Секс в Средневековье — страница 43 из 67


Он говорит, можешь бросить ее в море с тем, что она носит в брюхе, поскольку это не его ребенок. И мы считаем, что он говорит правду, ведь если бы она беременна от него, он бы не отослал ее[180].


Здесь предполагается, что хозяин не отошлет своего собственного ребенка, но такое предположение не всегда было оправданно. Воспитывать ребенка рабыни экономически невыгодно, и многие рабыни были вынуждены оставлять своих детей (рожденных и от хозяев, и от других мужчин) в приютах. Однако встречались и случаи, когда таких детей растили в семье – как рабов или как свободных людей.

В Испании, где мусульман порабощали христиане, гендерный баланс среди рабов мог быть практически равным, но в других местах – в Италии (особенно в Венеции и Генуе) и на юге Франции – численный перевес был на стороне женщин: они составляли 80 % всех проданных рабов. Скорее всего, на это повлияли и спрос, и предложение. Нуждающиеся семьи с большей вероятностью продавали бы в рабство девочек, а не мальчиков, и захватить женщин в плен проще, чем мужчин; но кроме того, рабы требовались в основном для домашней работы (которая считалась женской) и для сексуальных услуг. Салли МакКи показала, что цены на рабынь зависели от того, насколько привлекательной считалась их этническая группа; это не значит, что их покупали только для секса (хотя в некоторых случаях это могло быть так), но можно сделать вывод, что владельцы ожидали, что от купленных для работы по дому женщин можно ждать и сексуальных услуг. Неженатые мужчины в особенности могли покупать рабынь для выполнения различных работ, которые в противном случае выполняла бы жена, но наличием рабынь в доме могли пользоваться и семьянины – равно как и другие мужчины: мы располагаем протоколами многочисленных судебных дел о том, как рабыня одного мужчины забеременела от другого, так что последний должен был заплатить ее владельцу за потерю трудоспособной рабыни. Согласие женщины ни на что не влияло. Например, в 1453 году во Флоренции некий Франческо был наказан за то, что он ворвался в дом Андреа делла Стуфа и изнасиловал его рабыню Катерину. Наказание было основано на том, сколько работы она не смогла выполнить[181]. Это считалось преступлением против собственности, за которое следовало отвечать перед ее владельцем, а не преступлением против самой женщины.

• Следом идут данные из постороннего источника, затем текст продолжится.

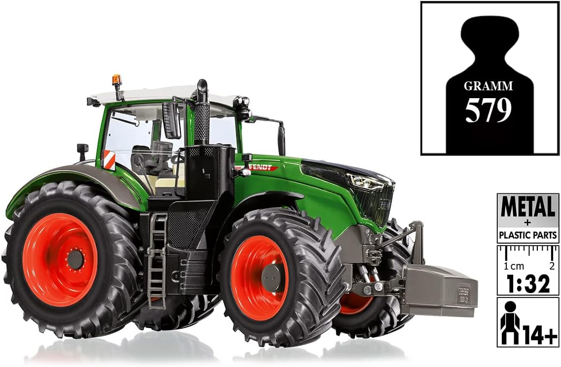 - Lieferumfang: 1x WIKING 077864, Fendt 1050 Vario, Ab 14 Jahre, Massstab: 1:32, Material: Metall/Kunststoff, Masse: 21,6 x 10,1 x 11,1 cm, Gewicht: 0,578 kg, Farbe: Grün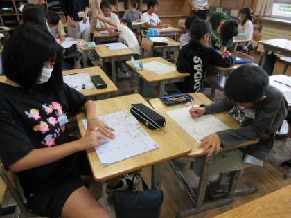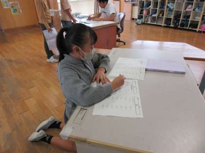 分数の学習です。ドリルが終わったらワークシートに取り組んで自分で採点をするなど、自分の進度で学習を進めています。友達や先生に聞きながらがんばっています。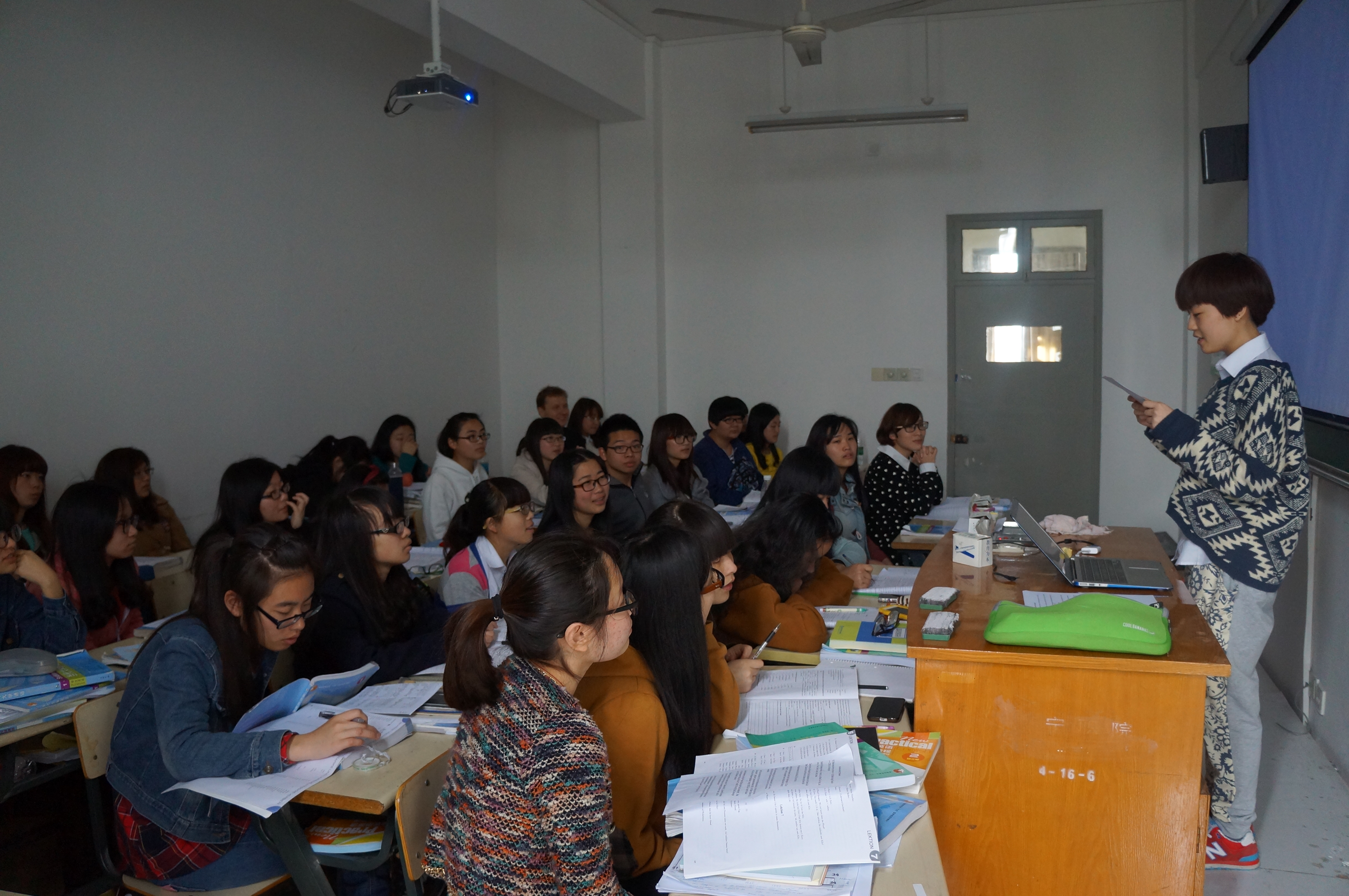 4月22日,应用德语3130班的口语技能竞赛在国际学院407教室拉开了帷幕。开展德语口语技能竞赛的目的旨在丰富校园文化生活,激发同学们学习德语的兴趣,增强校园德语学习的氛围,为全国德语技能大赛选拔优秀人才。出席此次活动的有:国际学院的两位德语老师,两位德语外教以及大一、大二的学生。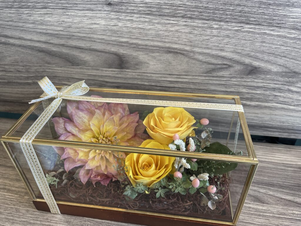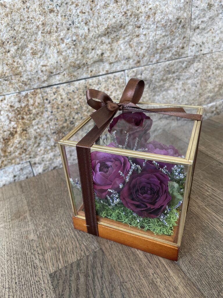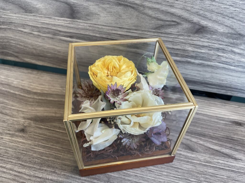 ベースサイズW105×H105×D105幅・奥行・高さがすべて105mmのコンパクトな手のひらサイズ。小さな空間にも収まるサイズ感で、「飾る場所が限られている」「メインの花だけをコンパクトに残したい」というご要望に最適です。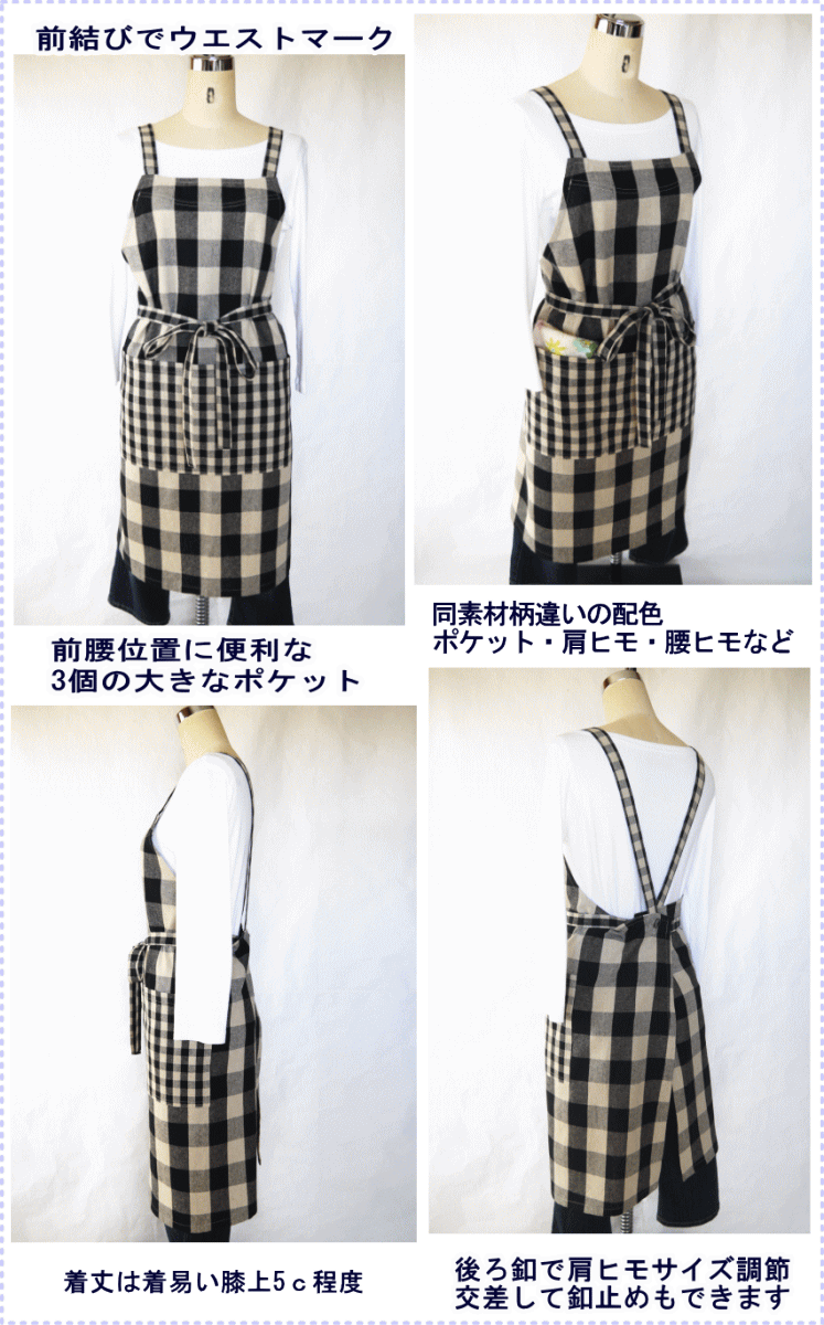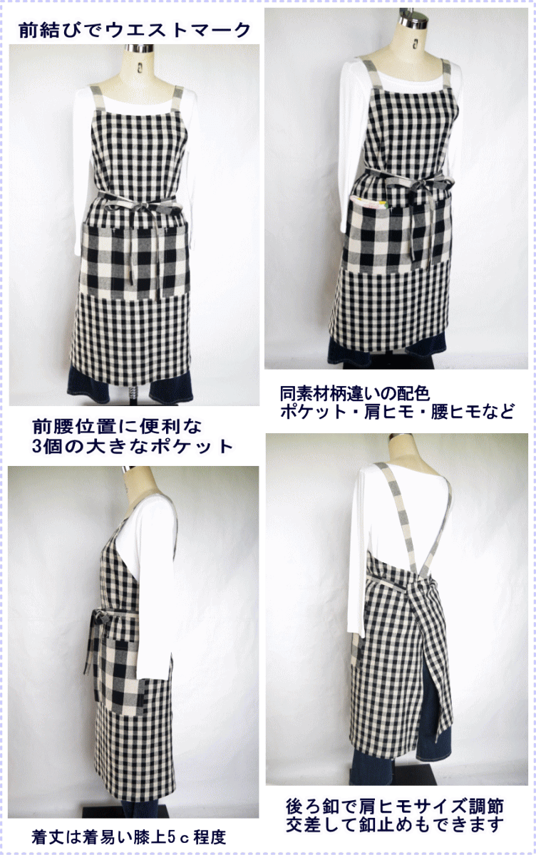 【あす楽】 エプロン おしゃれ かわいい 男女兼用 大きいサイズ ギンガム 母の日 父の日 手作り ハンドメイド 日本製 ギフト ナチュラル 綿 キッチン用品 配膳用品 キッチンファブリックエプロン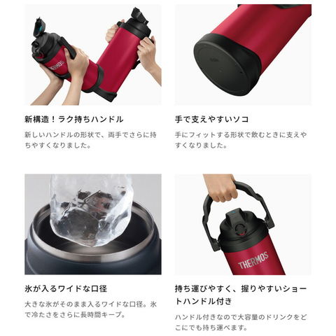 大容量のスポーツジャグは、真空断熱構造だから長時間のスポーツシーンでも冷たさキープ。

Не все отношения между рабынями и свободными мужчинами обязательно были основаны на физическом насилии. Рабыня зависела от своего хозяина: вполне возможно, что ей было больше некуда идти, и экономическое принуждение могло быть столь же эффективно, что и угроза насилия. Чуть в меньшей степени это верно и для служанок: возможно, у них и было больше альтернатив, чем у рабынь (например, живущие неподалеку родственники, которые могли их защитить), но в отношениях с господами у них было мало власти. Некоторые из них могли сами инициировать отношения со своими нанимателями или другими свободными мужчинами, надеясь улучшить свое экономическое положение, защитить себя и своих детей и, возможно, увидеть их свободными. Хотя имеющиеся у нас данные не позволяют нам этого сказать с точностью, в таких отношениях могли быть и настоящие чувства. И все же, с учетом того, насколько неравноправны рабыня и ее владелец, мы не можем сказать, что принуждения к сексу не было, даже если он произошел по инициативе женщины.

Хотя рабство было больше всего распространено на побережье Средиземного моря, рабыни под тем или иным принуждением жили и на севере. В исландской «Саге о людях из Лососьей долины» XIII века, действие которой происходит в X веке, Хёскульд покупает рабыню по имени Мелькорка специально в роли наложницы. Так как его жена ревнует (что нечасто встречается в исландских сагах, где женщины обычно не возражают против того, что у мужа есть наложница), он переселяет ее в отдельный дом. Хёскульд особенно любит ее сына, несмотря на то что у него есть много сыновей от жены, и он умудряется уговорить своих законных сыновей согласиться на то, чтобы разделить наследство со сводным братом. Здесь любопытен сюжет с наследованием, а также тот факт, что эта рабыня происходит из ирландской королевской семьи; то, что он берет наложницу, вполне в порядке вещей.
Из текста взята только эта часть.